The middle boyFor years my middle son, Mitch, has been a most annoying child. I love him dearly, mind you, but he just has to draw attention to himself constantly. He was always, ALWAYS, making noises or moving about just generally being annoying. He'd make you want to yell SIT STILL and BE QUIET practically every other minute.
He's fantastic with his little brother. Jordan adores playing with Mitch because Mitch is full of energy and full of silly nonsense. Non-stop loud, energetic, silly play. Just the sort of thing that a five year old loves and the sort of thing that begins to grate on your nerves after the first oh five minutes! Naw, I usually last a bit longer than that before I begin the "settle down" mantra. Well, unless I have headache and then it's about two and a half seconds. You see what entertains the five year old usually is a little bit annoying to the average adult.
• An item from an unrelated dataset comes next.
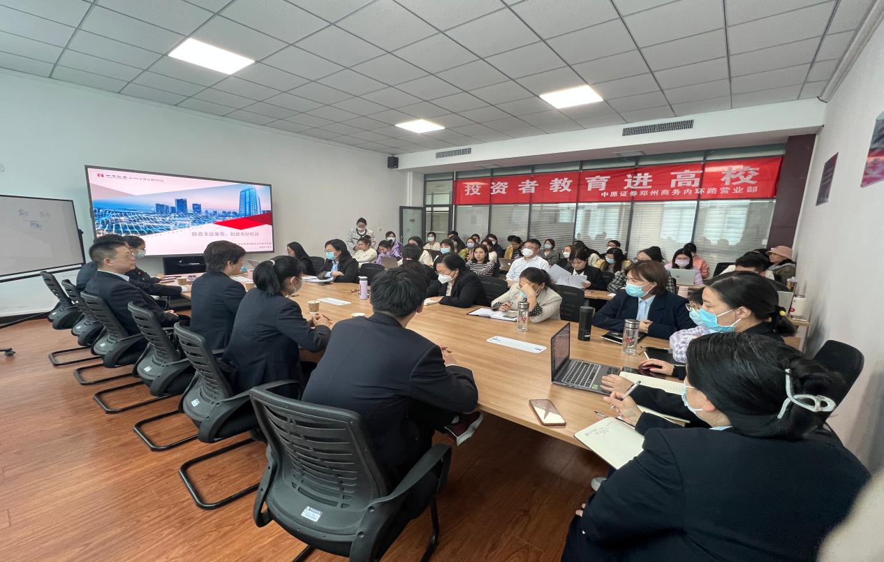 3月14日下午,中原证券郑州商务内环路营业部总经理辛志红、副总经张永红一行7人到BEAT365官网金融学院开展投资者教育进高校活动,学院全体教师参加此次活动。

It's more than the silliness and the constant movement though he also seems to enjoy asking the most inane questions. Stupid questions that have no actual answer but still ones that make you stop and try until you see the grin on his face and you realize that it's just another attention ploy.
It's a million little things that he does that annoys but lately I have noticed it starting to wane. He's suddenly engaging me in actual conversations with actual topics. Interesting stuff like how things work and even politics. It's an amazing change and I am beginning to enjoy spending time with him again. He and I go run errands together, we share jokes and talk about all sorts of things. He's always been the sort of kid that needs a lot of direct one on one contact on a very regular basis to keep his attention stores filled up but it's just different now. He is growing up. That one on one time doesn't feel like it once did. I hate to say like a chore because that sounds just awful but some days spending time with this child was exactly that. I am so very glad he seems to be outgrowing it.
He is still lots of fun with his little brother but when I say enough he actually listens the first time. He is still full of energy but he seems to have found a nice balance in which he expels it at proper times instead of constantly. He's even taken to doing his homework on a regular basis without prompting. He's just simply growing up and he's growing up into a really great kid. He's always been a good kid, even well behaved, just so full of energy he didn't know how to control it and it just spilled over all the time. I am so proud to see these changes in him. I am so pleased that he seems to be feeling more comfortable in his own skin. Isn't that all we really want for our kids? He doesn't have to fit any particular mold just that he learns to love and cope well with the person that he is. He's growing up and it's a privilege to be able to watch it and even more so to be a part of his life.